How Does Entropy Change with Pressure at Constant Temperature?

[prehisto]

Homework Statement

Hi!
My problem :
There is given substance for which (dV/dT)_p =ap^2,where V-volume,T-temperature,p-pressure,a-const.
How much the entropy S will increase if T=const and pressure changes from p1 to p2?

Homework Equations

The Attempt at a Solution

So
1) Mathematically the question of this excersie could be represented as
dS=Int [(dS/dp)_T dp] from p1 to p2
2) The next step should be to use Gibs potential : dG=Vdp-SdT
From Gibbs potential i should derive something like this (dV/dT)_p = -(dS/dp)_T (*)

But i can go as far as dG=(dG/dp)dp -(dG/dT)dT -> (dG/dp)_T=V ;(dG/dT)_p=-S
I think that the problem is mathematical: i can't figure out how from dG i can get (*)

Could someone can,please help me?

P.S. I'm sorry about the equations, i can't find any option for equation builder.

 

[Chestermiller]

You're very close to having the answer. Here's what you have so far:
$$\left(\frac{\partial G}{\partial P}\right)_T=V$$
$$\left(\frac{\partial G}{\partial T}\right)_P=-S$$
Now, what happens if you take the partial of the first equation with respect to T and the partial of the second equation with respect to P?

Chet

 

[prehisto]

You're very close to having the answer. Here's what you have so far:
$$\left(\frac{\partial G}{\partial P}\right)_T=V$$
$$\left(\frac{\partial G}{\partial T}\right)_P=-S$$
Now, what happens if you take the partial of the first equation with respect to T and the partial of the second equation with respect to P?

Chet

it s dG/dpdT=dV/dP and dG/dTdp=-dS/dp
I assume there is property of dG when dG/dpdT=dG/dTdp and so -dS/dp=dV/dP! Which allows me to substitute dS/dp=-dV/dp in integral and i can now easily integrate.
Thanks for the help!

P.S. Still having problems with formulas ,do you use "latex"code in insert "code" section ? I does not work for me :(

 

[Chestermiller]

it s dG/dpdT=dV/dP and dG/dTdp=-dS/dp
I assume there is property of dG when dG/dpdT=dG/dTdp and so -dS/dp=dV/dP! Which allows me to substitute dS/dp=-dV/dp in integral and i can now easily integrate.

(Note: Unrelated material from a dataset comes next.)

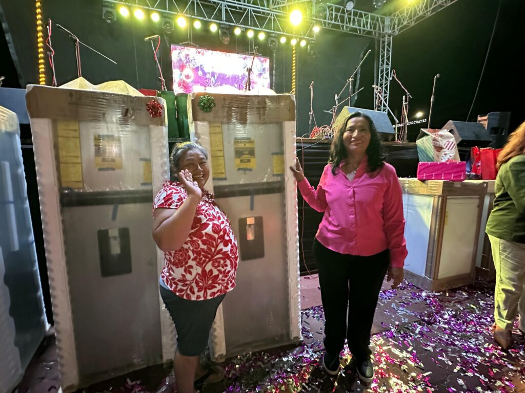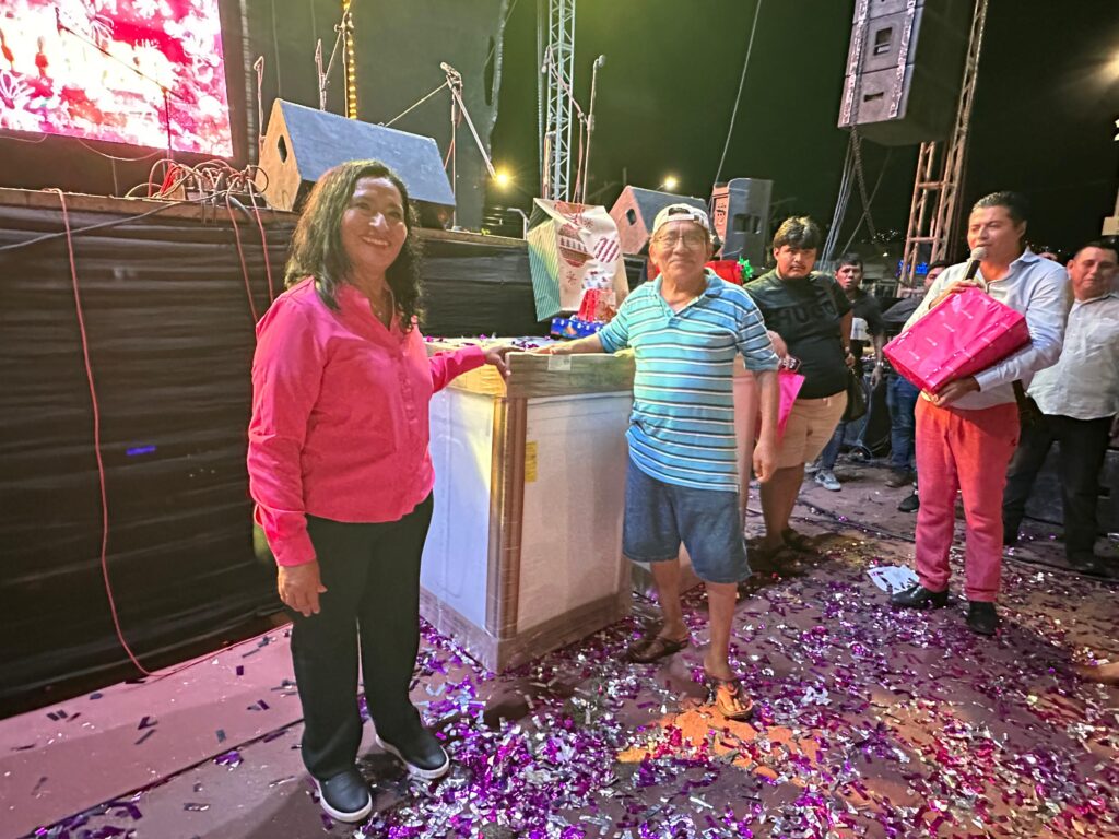 La presidenta municipal sorprendió a los asistentes con la rifa de regalos que incluyó refrigeradores, lavadoras y otros electrodomésticos.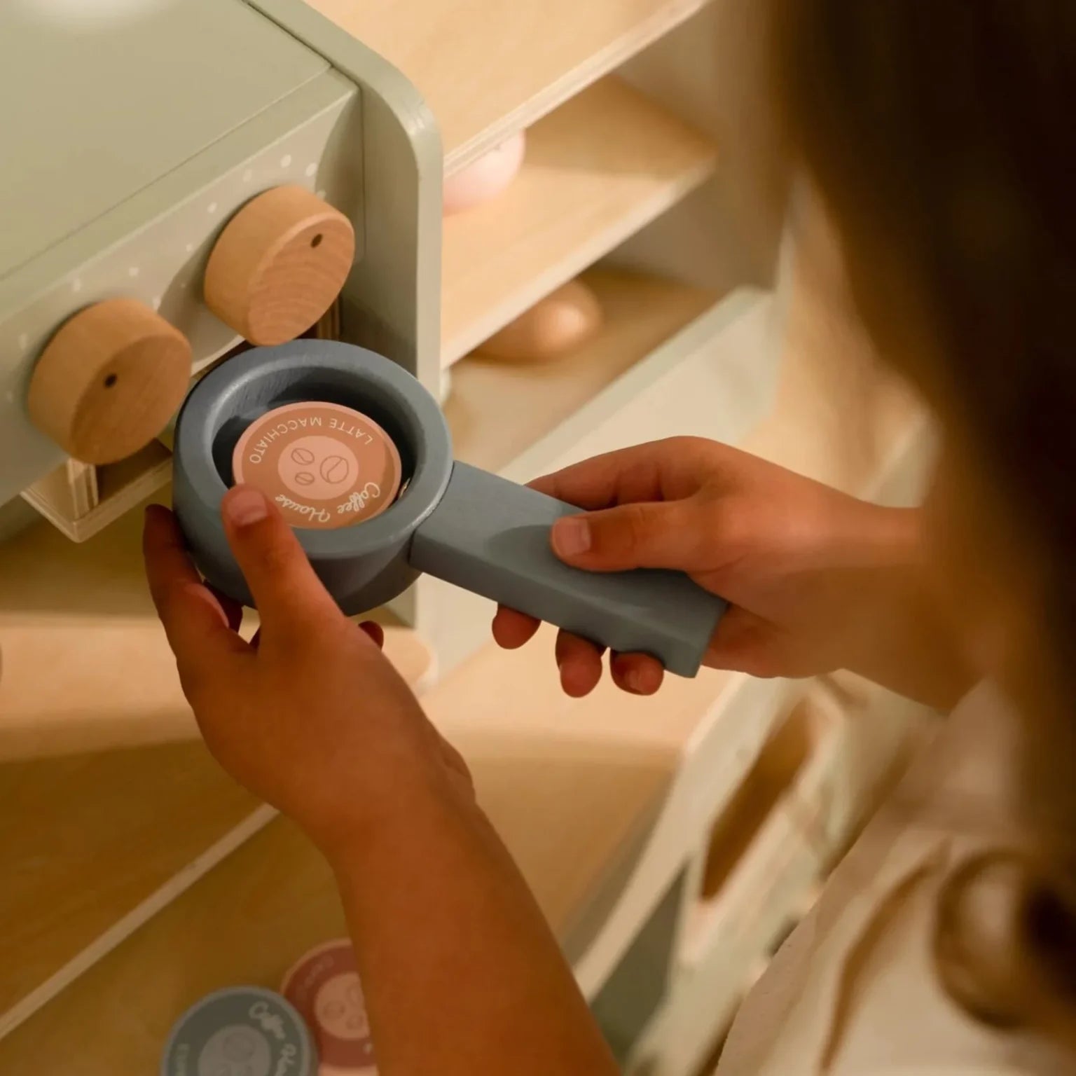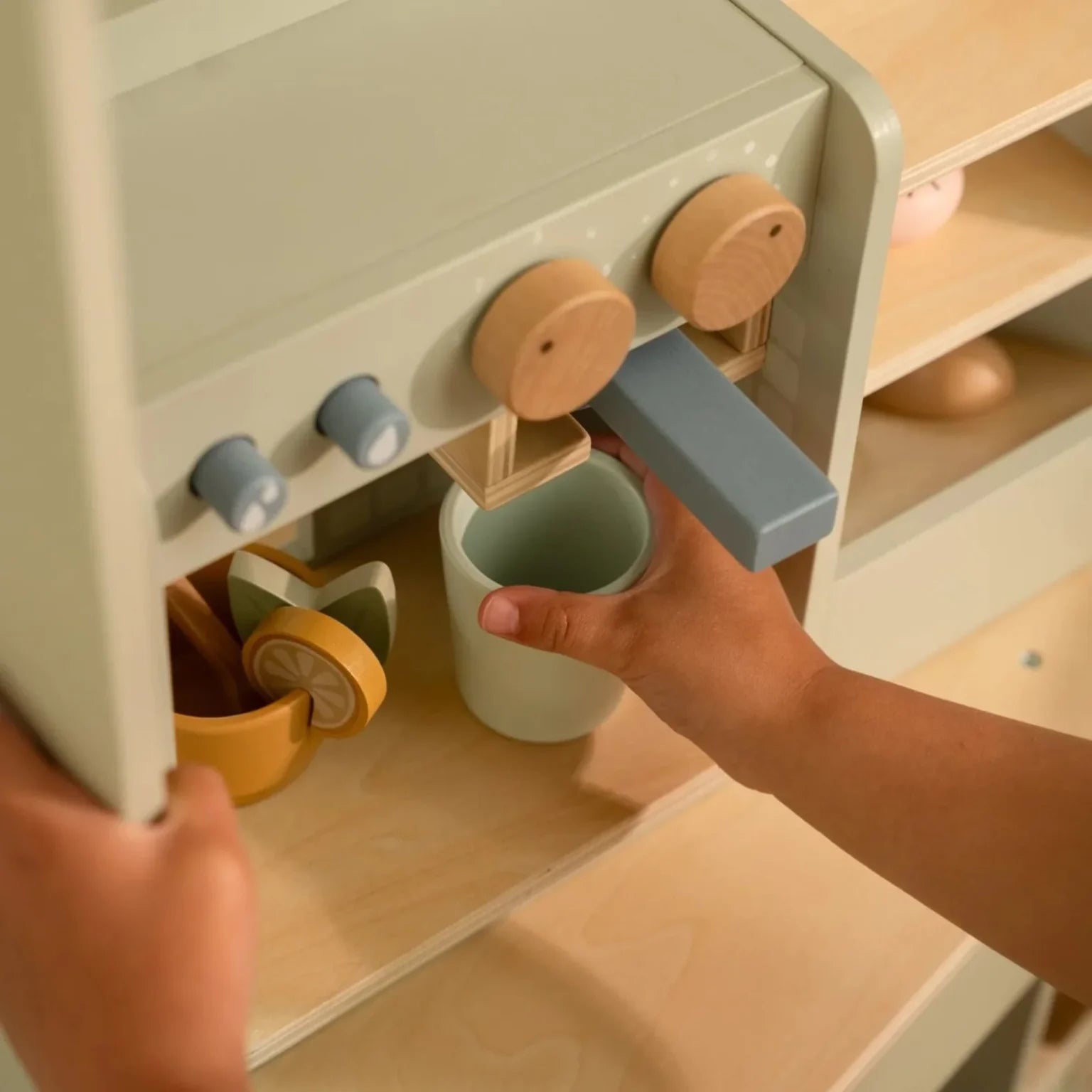 This coffee corner set includes a coffee & tea machine, menu board, serving counter and realistic accessories like cups, pods, tea bags, donut, croissant and more. Perfect for pretend play, role-playing and developing social skills

Yes. That's a property of partial differentiation. The second partial with respect to two independent variables is independent of the order of the partial differentiation.

Thanks for the help!

P.S. Still having problems with formulas ,do you use "latex"code in insert "code" section ? I does not work for me :(

I've just been doing the latex in the original message. When you preview the actual message, it comes out looking the way it is supposed to look. Also, it comes out looking right if, after you post the reply, you click on the refresh "circle" next to the back arrow (next to the url).

chet

 

[paranormal]

Hi there,

Great job on trying to approach the problem using the Gibbs potential! Your equation (*), which relates the change in entropy to the change in pressure at constant temperature, is correct. To get there, you can start with the definition of the Gibbs potential:

dG = Vdp - SdT

Since we are considering a constant temperature (dT = 0), we can simplify this to:

dG = Vdp

Now, to get the equation (*) that you mentioned, we need to use the Maxwell relation:

(dV/dT)_p = -(dS/dp)_T

This relates the partial derivatives of volume and entropy with respect to temperature and pressure, respectively. We can rearrange this equation to solve for the change in entropy:

(dS/dp)_T = -(dV/dT)_p

Substituting this into our previous equation for dG, we get:

dG = - (dS/dp)_T dp

This is almost the same as your equation (*), except for a negative sign. This is because the Maxwell relation gives us the negative of the partial derivative of entropy with respect to pressure. So to get the correct equation, we need to add a negative sign, which gives us:

dS = - (dG/dp)_T dp

Now, we can integrate this equation from p1 to p2 to get the change in entropy between these two pressures:

ΔS = - ∫ (dG/dp)_T dp from p1 to p2

Since we know from the problem statement that (dG/dp)_T = V, we can substitute this in and integrate to get:

ΔS = - ∫ V dp from p1 to p2

Finally, using the given relation (dV/dT)_p = ap^2, we can substitute in for V and solve the integral to get the final expression for the change in entropy:

ΔS = - a∫ p^2 dp from p1 to p2

I hope this helps! Let me know if you have any further questions.